История искусств и психоанализ
Это неосознанное понимание могло быть косвенно причастно к выбору мною истории искусств в качестве своего профилирующего предмета в университете. Я полагал, что истинная функция искусства — вызывать образы стройной и универсальной структуры, лежащей в основе фрагментарной картины явлений, которую наше сознание рисует нам и формулировка которой, как мне казалось, умозрительными учениями должна с неизбежностью быть неполноценной. Однако посещаемые мною курсы не удовлетворяли меня. Мои учителя — а некоторые из них, такие как Стржиговский и Дворак, являлись выдающимися деятелями своих областей — были, казалось, больше заинтересованы распознаванием эстетических законов, управляющих созданием художественных произведений, чем раскрытием их внутренних духовных побуждений. Другими словами, их подход к искусству, как казалось мне, был весьма узок и ограничен лишь вопросом формы, в которой оно выражалось.
Выводы психоанализа, с которым я познакомился в те дни юношеской растерянности, также, но по другим причинам, не удовлетворили меня. Без сомнения, психоанализ был в то время интеллектуальной революцией первой величины, и каждый чувствовал в собственном теле, что эта широко распахнутая, но доселе закрытая дверь познания обязательно окажет глубокое воздействие на осознание человеком самого себя и общества и, возможно, поменяет полностью его прежние представления об этом. Обнаружение роли, которую играют бессознательные побуждения в формировании человеческой личности, открыло новые пути к более глубокому пониманию самих себя по сравнению с тем, что предлагали нам теории психологов предыдущих поколений. Все это я готов был допустить.
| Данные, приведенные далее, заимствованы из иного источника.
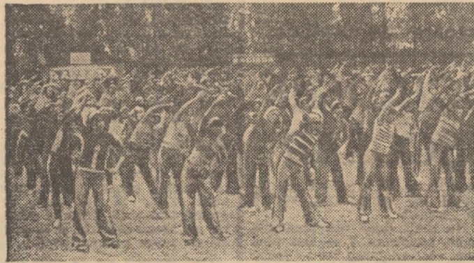
Unul din momentele foarte reușite ale programului sportiv care a avut loc la complexul sportiv Steaua: „repriza” de gimnastică de ansamblu.

Un tânăr profesor întreabă în dreapta și-n stînga: „ Cuț să-l spun? Am un băiat grozav
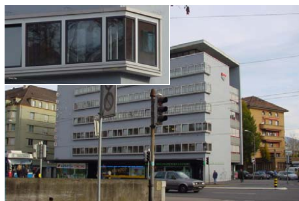
Abb. 21.23 Wohn- und Geschäftshaus Paulusplatz, Stadt Luzern (spezielles Kastenfenster 2-fach kippbar)

На самом деле фрейдовские идеи одурманивали мой молодой рассудок, как крепкое вино, и многие вечера я проводил в венских кафе, слушая увлекательные дискуссии некоторых пионеров психоанализа, таких как Альфред Адлер, Херман Стекль и Отто Гросс. Но, хоть я и не спорил с обоснованностью аналитических принципов психоанализа, меня возмущала интеллектуальная самонадеянность новой науки, которая пыталась свести все загадки человеческого «Я» к ряду нейро-генетических реакций. Философские «выводы», сформулированные отцом психоанализа и его приверженцами, почему-то казались мне слишком банальными, слишком самоуверенными и излишне упрощенными, чтобы претендовать на какую-либо близость к истине в последней инстанции, и они, совершенно точно, не указывали никакого нового направления к лучшей жизни.